Abstract
Aim and Objectives:
The main objective of the study is to assess mandibular bone changes in pre and postmenopausal women with chronic generalized periodontitis using different radiomorphometric indices, mandibular cortical index (MCI), mental index (MI), and panoramic mandibular index (PMI) in Indian population.
Materials and Methods:
Panoramic radiographs of 60 patients visiting the Department of Periodontology were taken and divided in two groups - pre and post-menopausal. Detailed medical and menopausal history was recorded for each patient. All the radiographs were assessed for PMI, MI and MCI and presence of periodontitis.
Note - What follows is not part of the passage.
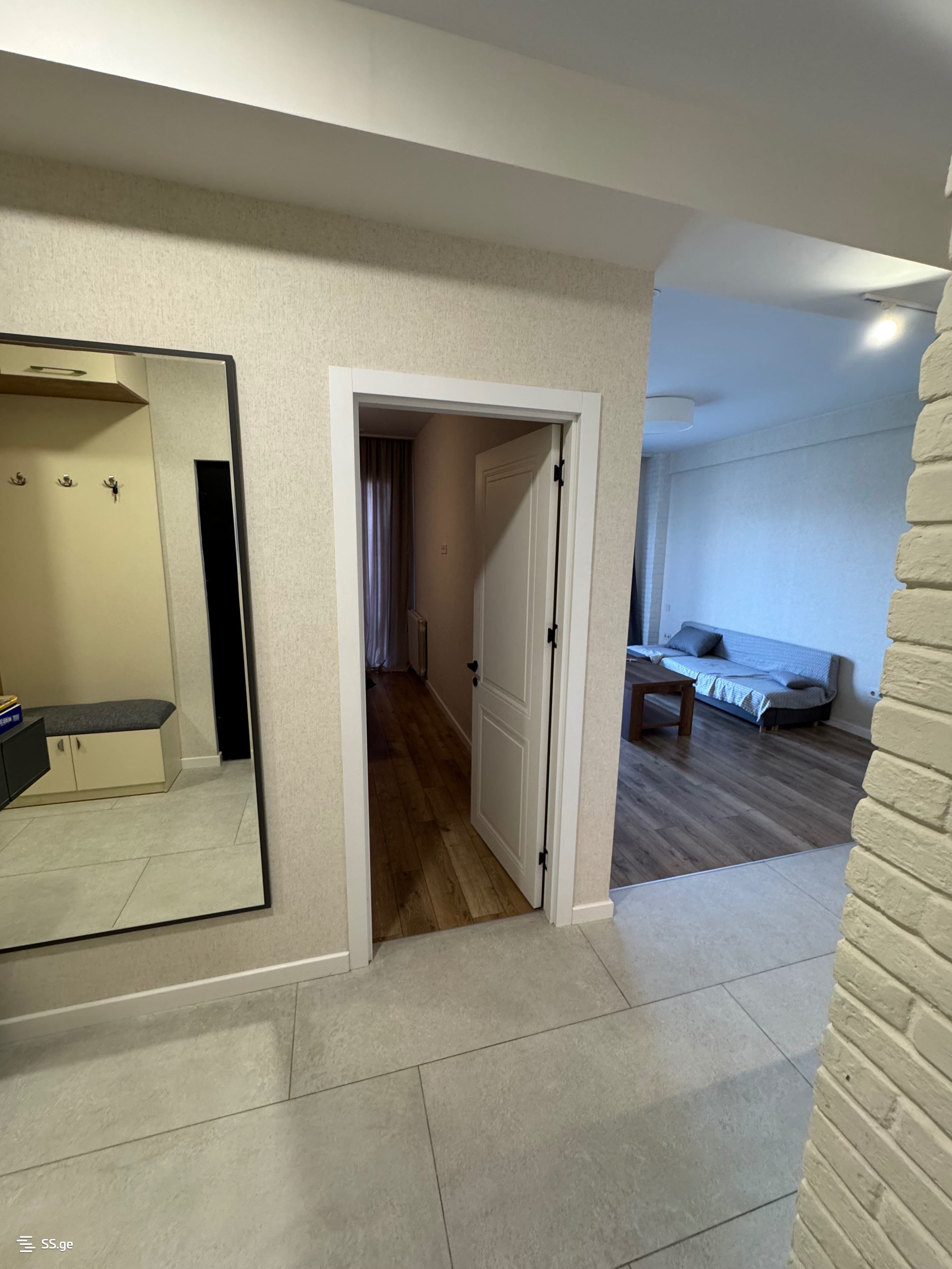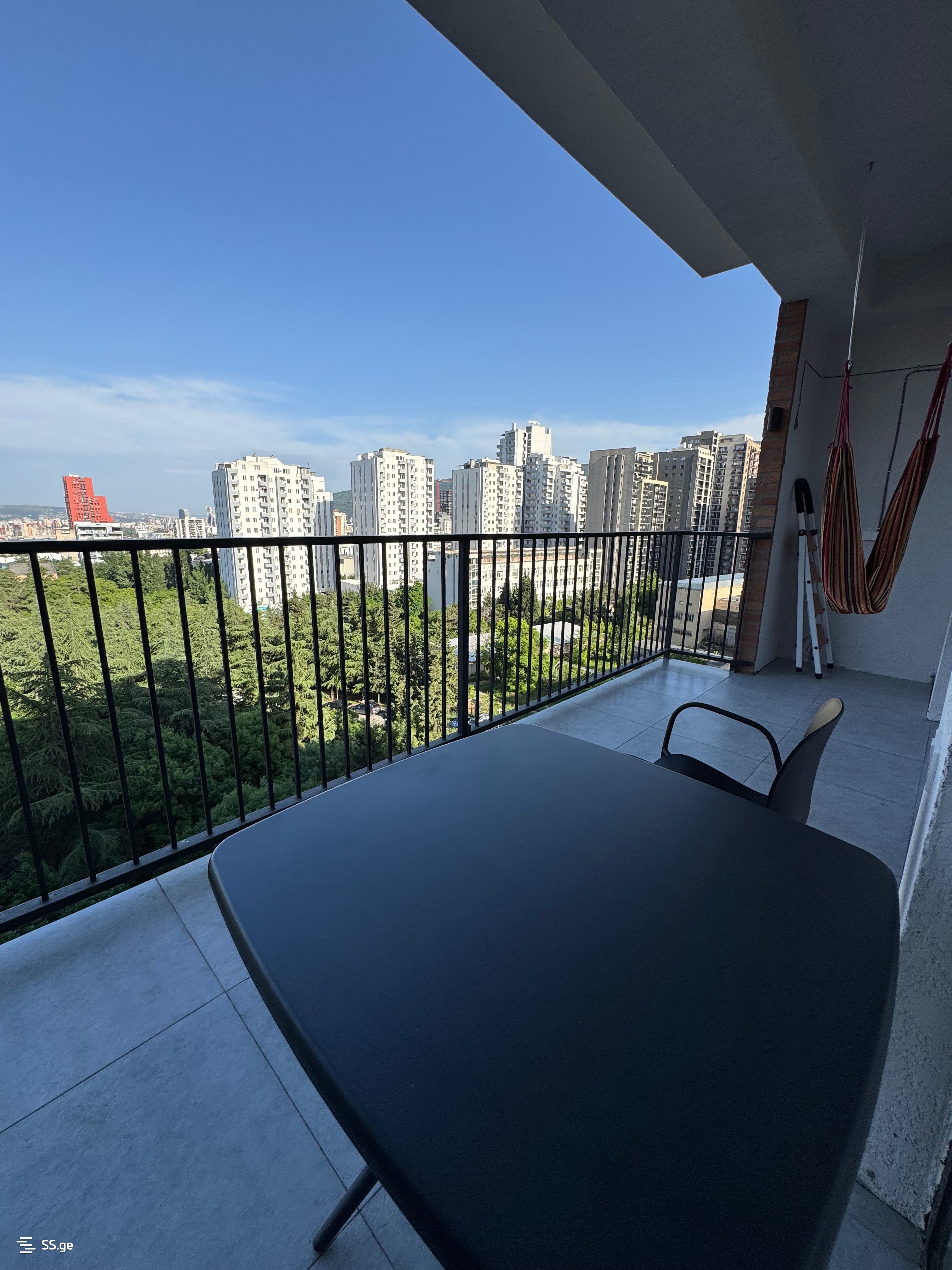 For rent is a newly renovated, unoccupied apartment on Mindeli Street, in the Green Life residential complex, in a quiet, calm, and cozy location. The apartment is 82 sq/m, newly renovated, furnished, equipped with built-in appliances, central heating, 2 air conditioners, 2 bedrooms, a large balcony, good view, and aluminum doors and windows. The price is $800.

The destructive periodontitis was assessed as distance from the cementoenamel junction to the alveolar crest greater than 2mm.
Statistical Analysis:
Student-t test was applied to compare mean values of MI and PMI. Intra and inter group comparison of MCI were made using chi-square test. Correlation of age and MI and PMI was found by Pearson’s correlation coefficient.
Results:
MCI, PMI and MI were related to the menopausal status. Patients with C3 category were seen only in post-menopausal group after 54 years of age. Higher mean values for both MI (p<0.05) and PMI (p<0.05) were observed in pre-menopausal group with statistically significant differences. MI showed negative correlation with age in both the groups; however PMI was positively correlated with age.
Conclusions:
Radiomorphometric indices could be used by general dentists after a little training to detect post-menopausal women at higher risk of osteoporosis.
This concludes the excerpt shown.